Troubles with Asynchronous code flows in JavaScript, and the async/await solution of ES-2017

Date: Sat Jun 17 2017 JavaScript »»»» Asynchronous Programming »»»» Node Web Development »»»» Node.JS
Asynchronous coding is one of those powerful tools that can bite, if you're not careful. Passing around anonymous so-called "callback" functions is easy, and we do it all the time in JavaScript. Asynchronous callback functions are called, when needed, as needed, sometime in the future. The key result is that code execution is out-of-order with the order-of-appearance in the code.

NOTE: This is an excerpt from Asynchronous JavaScript with Promises, Generators and async/await, a new book that deeply studies asynchronous programming techniques in JavaScript

For years, JavaScript's primary use-case has been event handlers in web pages, a form of asynchronous coding. The term AJAX describes asynchronous JavaScript execution associated with retrieving data from a server. In Node.js the whole runtime library is built around asynchronous callbacks invoked by asynchronous events. It is a powerful model, indeed, but there's a slippery slope down which it's easy to slide into a tangled mess of unmaintainable code.

JavaScript's single-threaded model would otherwise be a major performance problem. For example, on a web page that's to be dynamically filled with data retrieved from a server, each retrieval would block the whole browser until that data arrived from the server. The more data retrievals, the longer the browser is blocked. Today's world of "single-page-applications" simply would not work because such app's are constantly retrieving data from web-services. Fortunately, JavaScript's model supports asynchronous code by way of these anonymous functions.

Browser events occur when they occur, trigger associated event handlers, executing event handler callbacks in a corresponding order. Likewise, a web service (for Node.js) asynchronously distributes incoming events to their handlers with the events dictating which callbacks are invoked in what order. This is useful and powerful, but often the programmer ends up struggling to organize the resulting code so it can be understood/maintained/debugged.

We start out by writing benign code like these snippets:


// Browser
$('.day').click(function() {
   window.location = "com_day_graph";
});
// Node.js
const fs = require('fs');
...
fs.readFile('example.txt', 'utf8', function(err, txt) {
    if (err) report the error;
    else {
        do something with the text
    }
});

Each of those are pretty simple, and the idea is straight-forward. You pass an anonymous function to another function, so that function can call back to your code, hence the name "callback function".

As your your programming confidence grows you do more and more with callbacks. You might need to tack a new bit of functionality at the end of an existing event handler, requiring a new callback function. Or processing a certain task may require several steps, all of which are asynchronous. Sooner-or-later you end up with Callback Hell or what some call the Pyramid of Doom.

The first circle of Callback Hell is entered when you write a callback function and need to invoke another, and think to yourself it's far easier to just implement the second callback function right there, nested inside the first. JavaScript is perfectly fine with you nesting stuff inside other stuff. We do it all the time.

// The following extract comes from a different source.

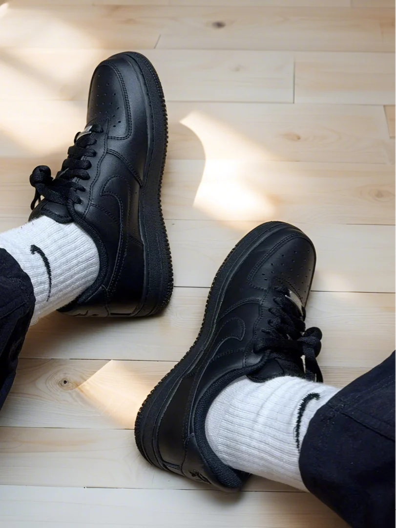 这款Air Force 1采用了全黑设计,从鞋面到鞋底,每一个细节都散发着酷感与神秘。黑色的皮革材质经过精细加工,展现出细腻的质感和光泽,搭配标志性的黑色Swoosh标志,彰显出Nike一贯的高品质与时尚感。无论是日常出街还是潮流聚会,全黑配色都能让你轻松成为焦点,展现独特的个性。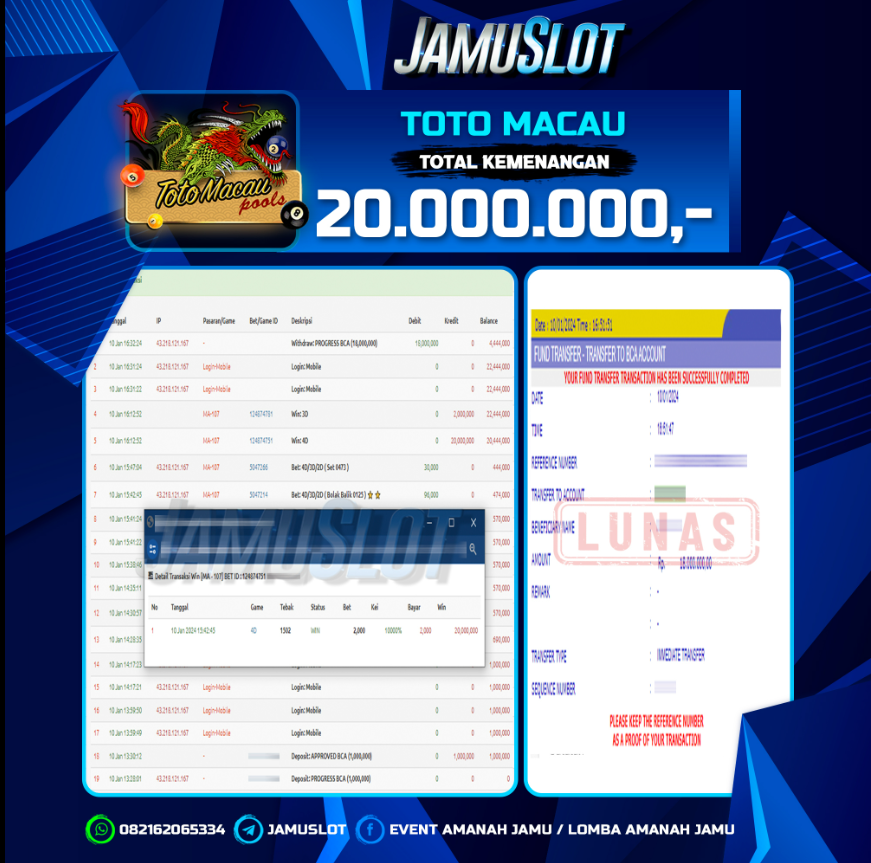 JAMUSLOT : BUKTI PEMBAYARAN KEMENANGAN JP TOGEL TOTO MACAU SEBESAR 22,000,000,- LUNAS

Then one day you must write a task where, before reading a file you must first verify the directory exists (using fs.stat), then read the directory (fs.readdir), look through the file list for the one or more files to read, check that each is readable (fs.stat again), and finally read each file (fs.readFile), and then do something with the file content like store it in a database (db.query). Each stage of that means a callback function, and might look like this:


fs.stat(dirname, function(err, stats) {
    if (err) handle error;
    else {
        fs.readdir(dirname, function(err, filez) {
            if (err) handle error;
            else {
                async.eachSeries(filez,
                function (filenm, next) {
                    fs.stat(path.join(dirname, filenm),
                                function(err, stats) {
                        if (err) next(err);
                        else {
                            // check stats
                            fs.readFile(path.join(dirname, filenm),
                                        'utf8', function(err, text) {
                                if (err) next(err);
                                else {
                                    db.query('INSERT INTO ... ', [ text ],
                                                function(err, results) {
                                        if (err) next(err);
                                        else {
                                            do something with results;
                                            Indicate success;
                                            next();
                                        }
                                    });
                                }
                            });
                        }
                    });
                },
                function(err) {
                    if (err) {
                        console.error(err);
                        do something else;
                    } else {
                        do what;
                    }
                });
            }
        });
    }
});

This can get quite daunting. Because the fs.stat and fs.readFile and db.query operations are asynchronous, we cannot throw a simple for loop around the middle portion of this. We need a looping construct which can handle asynchronous execution. The async module has a large variety of asynchronous execution constructs, with async.eachSeries acting like a for loop executing the iteration function once for each entry in the provided array.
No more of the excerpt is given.